权益分类	功能权益	普通用户	{{item.name}}会员
{{category.name}}	{{benefitItem.name}}

Time Optimal Control of Quantum Information Processing Systems

量子信息处理系统的时间最优控制

基本信息

批准号：
0218411
负责人：
Navin Khaneja
金额：
$ 30万
依托单位：
Harvard University
依托单位国家：
美国
项目类别：
Standard Grant
财政年份：
2002
资助国家：
美国
起止时间：
2002-09-01 至 2006-08-31
项目状态：
已结题

来源：
https://www.nsf.gov/awardsearch/showAward?AWD_ID=0218411&HistoricalAwards=false
关键词：
Time Optimal Control Quantum Information

项目摘要

EIA-0218441Navin KhanejaHarvard UniversityTime Optimal Control of Quantum Information Processing SystemsTime optimal control of quantum mechanical systems can significantly minimize decoherence effects in coherent manipulation of quantum pheonomenon. The central theme of the project is to develop a mathematical theory for optimal unitary control of quantum networks. Network of coupled two level quantum systems form the benchmark for a quantum computer. Finding the minimum time it takes to produce a desired unitary evolution in a network of coupled quantum systems is of fundamental practical importance not just in the field of quantum information processing but the whole field of coherent spectroscopy. In particular, focus is on optimal control of network of coupled spin half particles (acting as qubits in liquid and solid state NMR quantum conputing with fixed interaction Hamiltonian and ability to selectively excite some of the qubits. One of the goals of this project is to develop geometric methods for computing fundamental bounds on the minimum time it takes to produce unitary evolution in a network of coupled quantum systems and find time optimal control laws which achieve these bounds. These methods are based on variational ideas as captured by the theory of optimal control. Finding optimal strategies to control the dynamics of quantum networks can be reduced to problems in Riemannian geometry of computing subriemannian geodesics in certain homogeneous spaces. Using these geometric techniques time optimal control strategies for quantum networks are being computed.

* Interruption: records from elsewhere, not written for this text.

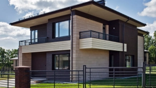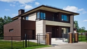 При строительстве применяются качественные и долговечные материалы: кирпич, архитектурный бетон, лиственница, натуральная черепица и деревянные стеклопакеты.
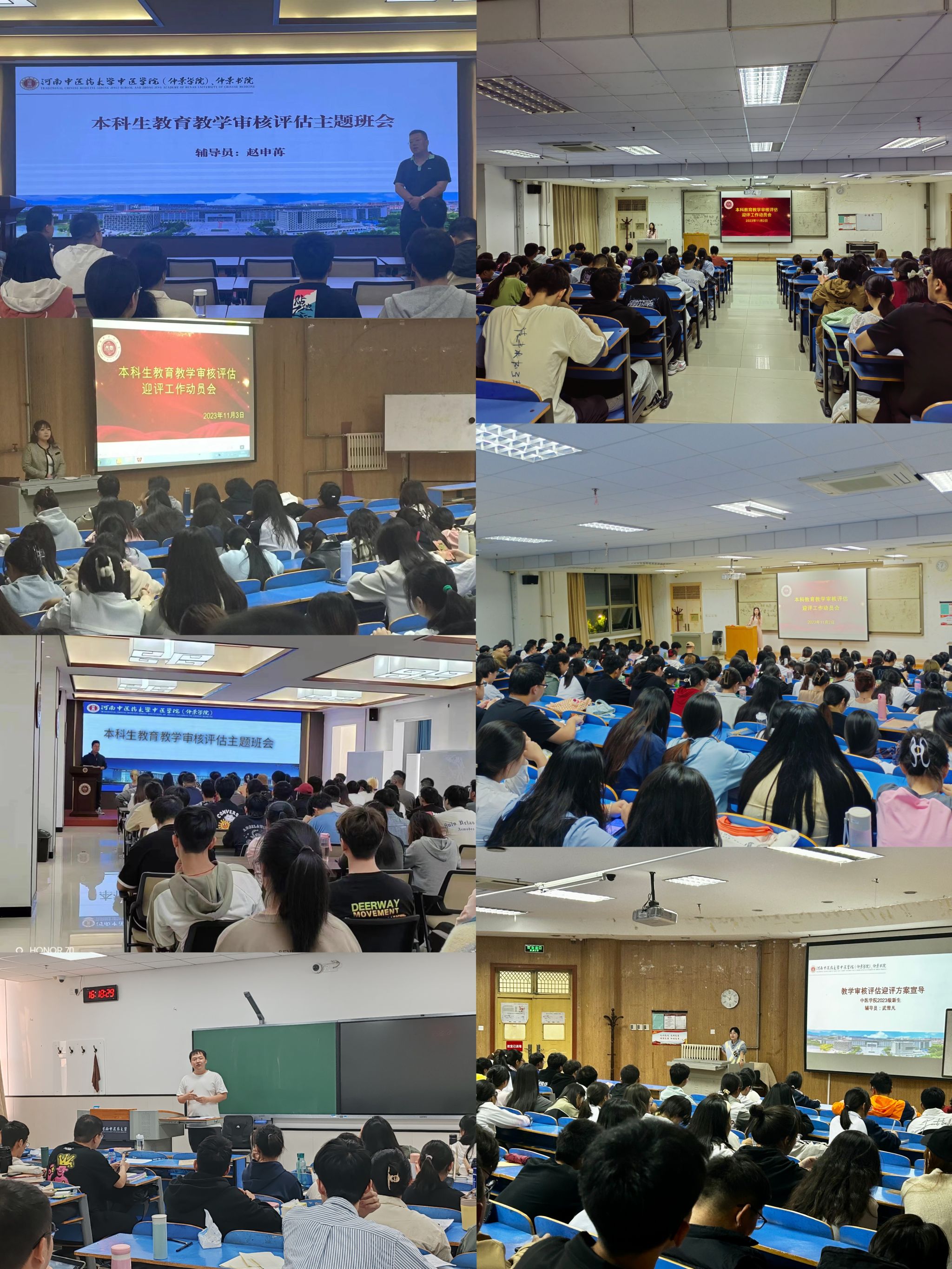 本网讯(文图/刘淘淘)为迎接我校本科教育教学审核评估,营造良好的迎评氛围,引导书院学生高度重视并积极参与本科教育教学审核评估工作,展现优良学风与精神风貌,11月6日至11月10日期间,仲景书院各班级积极组织召开“迎教育教学评估,创优良学习风貌”主题班会。
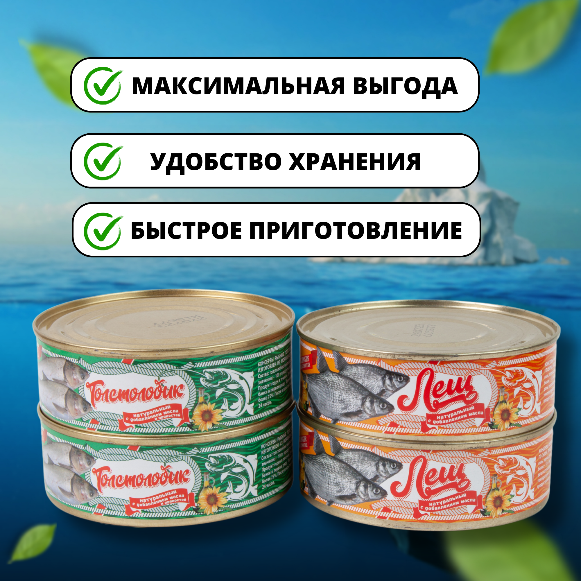 Купить Рыбные консервы, толстолобик и лещ 4 банки по 240 грамм

量子信息处理系统的时间最优控制量子力学系统的时间最优控制可以显著地减小相干操纵量子现象中的退相干效应。该项目的中心主题是开发量子网络最优酉控制的数学理论。耦合两能级量子系统的网络形成量子计算机的基准。找到在耦合量子系统网络中产生期望的幺正演化所需的最小时间不仅在量子信息处理领域而且在整个相干光谱学领域都具有根本的实际重要性。特别是，重点是耦合自旋半粒子网络的最佳控制（在液体和固体NMR量子计算中充当量子位，具有固定的相互作用哈密顿量和选择性激发某些量子位的能力）。该项目的目标之一是开发几何方法，用于计算耦合量子系统网络中产生幺正演化所需的最小时间的基本界限，并找到实现这些界限的时间最优控制律。这些方法是基于变分的想法，捕捉到的最优控制理论。寻找控制量子网络动力学的最佳策略可以归结为黎曼几何中计算某些齐性空间中的次黎曼测地线的问题。使用这些几何技术正在计算量子网络的时间最优控制策略。